# Caulk/sealant For Roof



## mandy1 (Mar 26, 2006)

What does anybody use for caulking around the vents, pipes, and other things on the roof?
I have seen Dicor mentioned quite abit, but also have seen references to a 3M marine product.
Just curious what everyone here is using.

Thanks


----------



## CamperAndy (Aug 26, 2004)

Use only Dicor self leveling caulk on the roof.


----------



## battalionchief3 (Jun 27, 2006)

Yup, what he said. I just got done cleaning, inspecting and caulking my roof. Also use Dicor UV roof protectant a couple times a year. I have noticed less black streaks by cleaning and protecting the roof. Just finished washing and waxing the camper too. Not all in one day but over a week. I check my roof a couple times a year and touch up any little cracks in the sealant. The way I figure it, water can sneak into a little split in the sealant, freeze and thaw a few times over the winter and lead to a bigger crack and that can lead to a leak. The first year I inspected it was the worst ( thanks Gilligan ) but ever year I find a little crack in the sealant starting, caulk over it and so far so good. Be careful on the ladder....


----------



## mmblantz (Jul 1, 2007)

X3 on the Dicor. I'm washing my roof today before and after the Skin/Bucks game I'm watching. It's half bright white and half dark pecan stain right now......and I just scrubbed it in July.-----Mike


----------



## Joonbee (Jan 18, 2008)

I was told to use "lap sealer" . Maybe made by Dicor? Is that what you are all referring too? I had silicone used by the previous owner and took it all off and resealed it. So, I know for sure, NOT to use silicone. The guy at my dealer just rubbed it off with his finger. Scary.

Good luck.

Jim


----------



## bhbdvm (Mar 20, 2009)

At pick up of my Outback the tech basically took me by the hand to the parts department and said there are just a few things that are essential you get for your new Outback.
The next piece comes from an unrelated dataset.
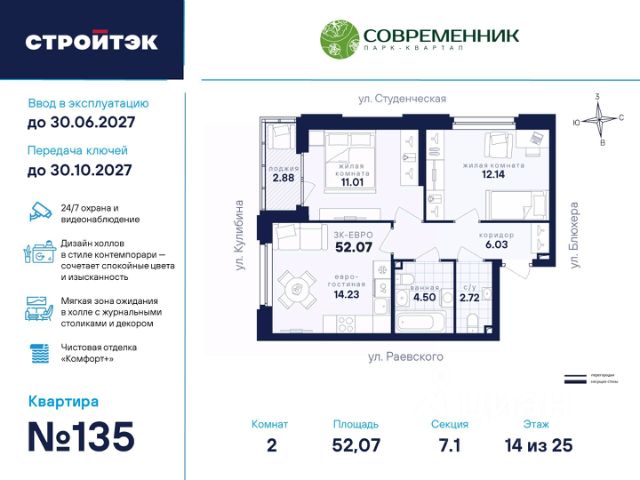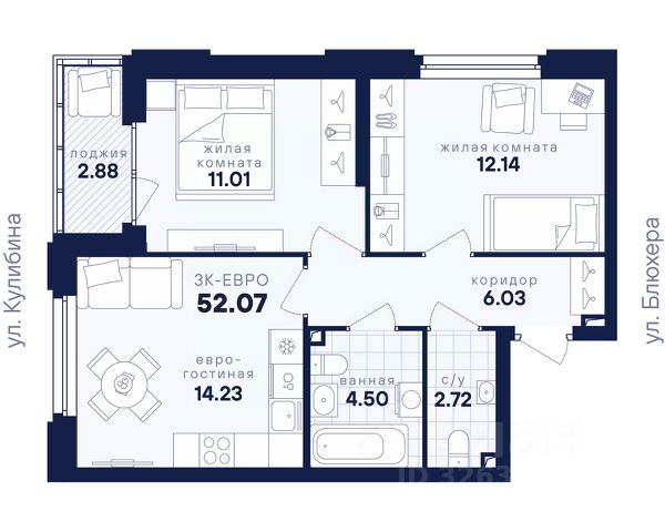 Уникальное предложение по соотношению цена/качество! В чистой продаже просторная квартира в 10 минутах от центра по адресу улица Библиотечная, дом 50а (ЖК Библиотечный, микрорайон Втузгородок).

Dicor was one of them. He said don't use anything else. Dicor, Dicor, Dicor.


----------



## mandy1 (Mar 26, 2006)

Thanks for the replies, Dicor it is!!


----------



## ftwildernessguy (Oct 12, 2009)

mandy1 said:


> Thanks for the replies, Dicor it is!!


How about Eternabond? I understand a lot of manufacturers are using this now and it looks like a pretty much permanent solution to the roof seam leaking problem.


----------